134     tells it to use the certificate in "stunnel.pem". "-n" smtp-" tells
135     it to act as an SMTP proxy, and to act as a plaintext proxy if TLS
136     isn't negotiated. "-f" asks it to stay in the foreground and write
137     its errors to stderr, perfect for running under supervise! "-F 3" (an
138     option added by my patch) asks it to connect to file descriptor 3 (set
139     up by makesock) as the plaintext end of the proxy.
140    
141     The second program is the SMTP server. We first have to change to a
142     safer UID than root; in most installations, tcpserver would to this
143     for us, but we couldn't do that here (because we needed the ability to
144     chroot() and setuid()/setgid() to a different user/group in stunnel),
145     so "setuidgid" changes to the "qmaild" user and their primary group.

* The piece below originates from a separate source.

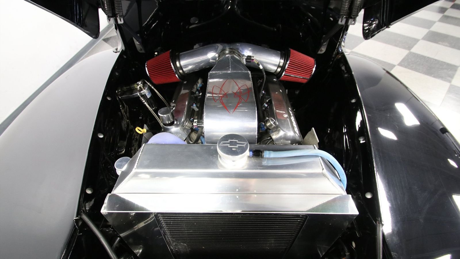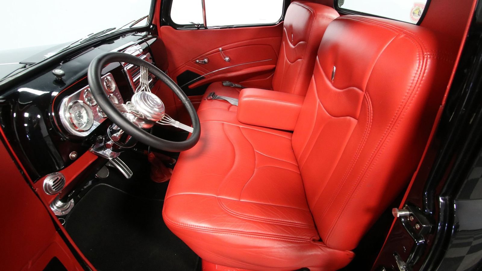 On the inside, the classic bench seat setup has been enhanced with modern upholstery and cushioning. The black and red color scheme continues here. And the level of craftsmanship in this interior shines through the photographs. The cabin maintains its classic feel, but modern creature comforts help make it easier to drive, especially considering all the power it boasts.

146     stunnel doesn't seem to be very good about passing along CR/LF's
147     properly, and rather than fixing that right now, I just threw in
148     "fixcrio" to take care of it. Finally, the real qmail-smtpd is run.
149    
150     *************
151     *** NOTES ***
152     *************
153    
154     It is tempting to run this proxy as a simple TCP proxy, but that makes
155     authorizing relays by IP address hard.
156    
157    
158     ************
159     *** BUGS ***
160     ************
161    
162     * RFC 2487 requires that we restart the SMTP session completely after
163     STARTTLS, in particular throwing away the EHLO information we have.
164     We don't do that, because: this architecture makes it hard, qmail
165     doesn't mind if it gets multiple ehlo commands, and qmail doesn't
166     really do much with the ehlo argument anyways.
167    
168     * STARTTLS is only supported if the first command we get is an EHLO,
169     and the second is STARTTLS.
170    
171     * makesock.c is a single-purpose ugly hack. It should take more
172     command-line options, to make it a flexible tool.
173    
174     * There's no way for the SMTP server to know whether TLS was
175     negotiated. This could be useful to, for example, only offer AUTH
176     PLAIN authentication after STARTTLS.